* _Work instruction_
The records below should be printed once more, exactly as they appear.
Segment Start: Exercise materials
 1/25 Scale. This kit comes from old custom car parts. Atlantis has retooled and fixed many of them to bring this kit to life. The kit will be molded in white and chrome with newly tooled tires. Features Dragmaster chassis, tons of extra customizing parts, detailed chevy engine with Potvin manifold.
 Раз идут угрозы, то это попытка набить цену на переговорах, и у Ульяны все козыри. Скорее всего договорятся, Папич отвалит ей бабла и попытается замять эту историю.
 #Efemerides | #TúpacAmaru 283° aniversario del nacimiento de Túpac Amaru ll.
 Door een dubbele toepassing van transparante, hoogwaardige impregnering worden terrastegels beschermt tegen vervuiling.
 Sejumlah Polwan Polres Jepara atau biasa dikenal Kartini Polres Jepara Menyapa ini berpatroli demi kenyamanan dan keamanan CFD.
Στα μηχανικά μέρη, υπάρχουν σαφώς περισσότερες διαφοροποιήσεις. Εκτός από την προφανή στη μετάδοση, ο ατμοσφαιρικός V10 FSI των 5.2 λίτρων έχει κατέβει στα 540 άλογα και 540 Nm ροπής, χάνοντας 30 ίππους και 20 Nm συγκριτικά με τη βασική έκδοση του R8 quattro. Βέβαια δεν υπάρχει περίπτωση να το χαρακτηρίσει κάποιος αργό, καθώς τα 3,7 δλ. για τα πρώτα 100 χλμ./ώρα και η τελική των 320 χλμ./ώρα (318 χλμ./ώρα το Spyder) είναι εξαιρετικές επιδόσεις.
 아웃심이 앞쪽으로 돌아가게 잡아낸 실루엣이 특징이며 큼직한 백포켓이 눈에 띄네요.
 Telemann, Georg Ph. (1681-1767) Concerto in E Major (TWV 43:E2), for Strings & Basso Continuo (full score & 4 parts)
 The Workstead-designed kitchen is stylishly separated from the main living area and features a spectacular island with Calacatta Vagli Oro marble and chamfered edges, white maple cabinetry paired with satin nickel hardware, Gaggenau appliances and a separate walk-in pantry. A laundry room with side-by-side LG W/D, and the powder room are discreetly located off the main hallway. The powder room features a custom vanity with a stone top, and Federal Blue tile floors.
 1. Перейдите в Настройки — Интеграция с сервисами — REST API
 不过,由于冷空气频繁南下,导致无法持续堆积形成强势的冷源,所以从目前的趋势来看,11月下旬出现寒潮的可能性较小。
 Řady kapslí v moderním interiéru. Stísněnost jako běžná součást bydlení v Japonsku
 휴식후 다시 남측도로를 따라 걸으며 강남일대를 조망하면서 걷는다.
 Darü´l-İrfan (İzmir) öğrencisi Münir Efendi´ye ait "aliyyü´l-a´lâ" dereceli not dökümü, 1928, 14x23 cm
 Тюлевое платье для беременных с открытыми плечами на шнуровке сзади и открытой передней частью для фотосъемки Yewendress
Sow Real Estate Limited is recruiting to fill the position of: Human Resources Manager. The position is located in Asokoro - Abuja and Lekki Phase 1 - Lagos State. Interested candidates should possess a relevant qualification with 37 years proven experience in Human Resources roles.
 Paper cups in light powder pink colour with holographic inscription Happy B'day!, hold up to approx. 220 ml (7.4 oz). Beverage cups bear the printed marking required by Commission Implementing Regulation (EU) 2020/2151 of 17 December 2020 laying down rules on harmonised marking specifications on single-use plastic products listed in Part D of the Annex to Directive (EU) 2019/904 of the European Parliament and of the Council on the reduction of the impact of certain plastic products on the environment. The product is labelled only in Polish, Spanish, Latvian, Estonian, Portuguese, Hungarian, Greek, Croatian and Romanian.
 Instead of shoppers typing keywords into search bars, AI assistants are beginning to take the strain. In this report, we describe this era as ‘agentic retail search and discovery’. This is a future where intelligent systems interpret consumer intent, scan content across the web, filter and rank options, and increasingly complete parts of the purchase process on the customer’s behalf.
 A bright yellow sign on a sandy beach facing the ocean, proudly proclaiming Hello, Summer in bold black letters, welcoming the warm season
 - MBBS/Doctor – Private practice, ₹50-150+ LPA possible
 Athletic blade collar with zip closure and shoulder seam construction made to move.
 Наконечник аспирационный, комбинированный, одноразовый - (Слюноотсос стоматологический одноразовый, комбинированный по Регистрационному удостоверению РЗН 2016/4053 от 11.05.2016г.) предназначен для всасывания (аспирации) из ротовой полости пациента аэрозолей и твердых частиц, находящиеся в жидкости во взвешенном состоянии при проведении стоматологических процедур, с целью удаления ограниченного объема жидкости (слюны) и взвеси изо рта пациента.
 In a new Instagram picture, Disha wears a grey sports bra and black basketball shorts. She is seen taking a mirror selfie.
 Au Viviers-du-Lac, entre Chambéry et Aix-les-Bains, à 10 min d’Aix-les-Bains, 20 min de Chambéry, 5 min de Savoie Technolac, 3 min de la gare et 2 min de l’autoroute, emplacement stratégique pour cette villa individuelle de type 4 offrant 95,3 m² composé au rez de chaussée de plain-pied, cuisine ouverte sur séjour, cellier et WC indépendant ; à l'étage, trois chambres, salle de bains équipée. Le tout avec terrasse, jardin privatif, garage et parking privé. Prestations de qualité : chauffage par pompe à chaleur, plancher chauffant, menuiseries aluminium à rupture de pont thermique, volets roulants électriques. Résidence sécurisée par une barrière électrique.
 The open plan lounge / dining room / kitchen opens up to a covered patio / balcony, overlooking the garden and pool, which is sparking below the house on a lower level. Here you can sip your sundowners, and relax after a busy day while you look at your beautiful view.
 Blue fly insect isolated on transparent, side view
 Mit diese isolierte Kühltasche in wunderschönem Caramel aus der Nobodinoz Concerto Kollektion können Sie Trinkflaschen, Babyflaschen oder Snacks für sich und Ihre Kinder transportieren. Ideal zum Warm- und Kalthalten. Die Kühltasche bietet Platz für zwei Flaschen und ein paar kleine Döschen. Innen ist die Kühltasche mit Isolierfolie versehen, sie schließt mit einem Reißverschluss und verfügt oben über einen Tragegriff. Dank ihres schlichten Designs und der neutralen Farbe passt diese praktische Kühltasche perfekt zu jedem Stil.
Segment End: Exercise materials
* _Result for this task_
 1/25 Scale. This kit comes from old custom car parts. Atlantis has retooled and fixed many of them to bring this kit to life. The kit will be molded in white and chrome with newly tooled tires. Features Dragmaster chassis, tons of extra customizing parts, detailed chevy engine with Potvin manifold.
 Раз идут угрозы, то это попытка набить цену на переговорах, и у Ульяны все козыри. Скорее всего договорятся, Папич отвалит ей бабла и попытается замять эту историю.
 #Efemerides | #TúpacAmaru 283° aniversario del nacimiento de Túpac Amaru ll.
 Door een dubbele toepassing van transparante, hoogwaardige impregnering worden terrastegels beschermt tegen vervuiling.
 Sejumlah Polwan Polres Jepara atau biasa dikenal Kartini Polres Jepara Menyapa ini berpatroli demi kenyamanan dan keamanan CFD.
Στα μηχανικά μέρη, υπάρχουν σαφώς περισσότερες διαφοροποιήσεις. Εκτός από την προφανή στη μετάδοση, ο ατμοσφαιρικός V10 FSI των 5.2 λίτρων έχει κατέβει στα 540 άλογα και 540 Nm ροπής, χάνοντας 30 ίππους και 20 Nm συγκριτικά με τη βασική έκδοση του R8 quattro. Βέβαια δεν υπάρχει περίπτωση να το χαρακτηρίσει κάποιος αργό, καθώς τα 3,7 δλ. για τα πρώτα 100 χλμ./ώρα και η τελική των 320 χλμ./ώρα (318 χλμ./ώρα το Spyder) είναι εξαιρετικές επιδόσεις.
 아웃심이 앞쪽으로 돌아가게 잡아낸 실루엣이 특징이며 큼직한 백포켓이 눈에 띄네요.
 Telemann, Georg Ph. (1681-1767) Concerto in E Major (TWV 43:E2), for Strings & Basso Continuo (full score & 4 parts)
 The Workstead-designed kitchen is stylishly separated from the main living area and features a spectacular island with Calacatta Vagli Oro marble and chamfered edges, white maple cabinetry paired with satin nickel hardware, Gaggenau appliances and a separate walk-in pantry. A laundry room with side-by-side LG W/D, and the powder room are discreetly located off the main hallway. The powder room features a custom vanity with a stone top, and Federal Blue tile floors.
 1. Перейдите в Настройки — Интеграция с сервисами — REST API
 不过,由于冷空气频繁南下,导致无法持续堆积形成强势的冷源,所以从目前的趋势来看,11月下旬出现寒潮的可能性较小。
 Řady kapslí v moderním interiéru. Stísněnost jako běžná součást bydlení v Japonsku
 휴식후 다시 남측도로를 따라 걸으며 강남일대를 조망하면서 걷는다.
 Darü´l-İrfan (İzmir) öğrencisi Münir Efendi´ye ait "aliyyü´l-a´lâ" dereceli not dökümü, 1928, 14x23 cm
 Тюлевое платье для беременных с открытыми плечами на шнуровке сзади и открытой передней частью для фотосъемки Yewendress
Sow Real Estate Limited is recruiting to fill the position of: Human Resources Manager. The position is located in Asokoro - Abuja and Lekki Phase 1 - Lagos State. Interested candidates should possess a relevant qualification with 37 years proven experience in Human Resources roles.
 Paper cups in light powder pink colour with holographic inscription Happy B'day!, hold up to approx. 220 ml (7.4 oz). Beverage cups bear the printed marking required by Commission Implementing Regulation (EU) 2020/2151 of 17 December 2020 laying down rules on harmonised marking specifications on single-use plastic products listed in Part D of the Annex to Directive (EU) 2019/904 of the European Parliament and of the Council on the reduction of the impact of certain plastic products on the environment. The product is labelled only in Polish, Spanish, Latvian, Estonian, Portuguese, Hungarian, Greek, Croatian and Romanian.
 Instead of shoppers typing keywords into search bars, AI assistants are beginning to take the strain. In this report, we describe this era as ‘agentic retail search and discovery’. This is a future where intelligent systems interpret consumer intent, scan content across the web, filter and rank options, and increasingly complete parts of the purchase process on the customer’s behalf.
 A bright yellow sign on a sandy beach facing the ocean, proudly proclaiming Hello, Summer in bold black letters, welcoming the warm season
 - MBBS/Doctor – Private practice, ₹50-150+ LPA possible
 Athletic blade collar with zip closure and shoulder seam construction made to move.
 Наконечник аспирационный, комбинированный, одноразовый - (Слюноотсос стоматологический одноразовый, комбинированный по Регистрационному удостоверению РЗН 2016/4053 от 11.05.2016г.) предназначен для всасывания (аспирации) из ротовой полости пациента аэрозолей и твердых частиц, находящиеся в жидкости во взвешенном состоянии при проведении стоматологических процедур, с целью удаления ограниченного объема жидкости (слюны) и взвеси изо рта пациента.
 In a new Instagram picture, Disha wears a grey sports bra and black basketball shorts. She is seen taking a mirror selfie.
 Au Viviers-du-Lac, entre Chambéry et Aix-les-Bains, à 10 min d’Aix-les-Bains, 20 min de Chambéry, 5 min de Savoie Technolac, 3 min de la gare et 2 min de l’autoroute, emplacement stratégique pour cette villa individuelle de type 4 offrant 95,3 m² composé au rez de chaussée de plain-pied, cuisine ouverte sur séjour, cellier et WC indépendant ; à l'étage, trois chambres, salle de bains équipée. Le tout avec terrasse, jardin privatif, garage et parking privé. Prestations de qualité : chauffage par pompe à chaleur, plancher chauffant, menuiseries aluminium à rupture de pont thermique, volets roulants électriques. Résidence sécurisée par une barrière électrique.
 The open plan lounge / dining room / kitchen opens up to a covered patio / balcony, overlooking the garden and pool, which is sparking below the house on a lower level. Here you can sip your sundowners, and relax after a busy day while you look at your beautiful view.
 Blue fly insect isolated on transparent, side view
 Mit diese isolierte Kühltasche in wunderschönem Caramel aus der Nobodinoz Concerto Kollektion können Sie Trinkflaschen, Babyflaschen oder Snacks für sich und Ihre Kinder transportieren. Ideal zum Warm- und Kalthalten. Die Kühltasche bietet Platz für zwei Flaschen und ein paar kleine Döschen. Innen ist die Kühltasche mit Isolierfolie versehen, sie schließt mit einem Reißverschluss und verfügt oben über einen Tragegriff. Dank ihres schlichten Designs und der neutralen Farbe passt diese praktische Kühltasche perfekt zu jedem Stil.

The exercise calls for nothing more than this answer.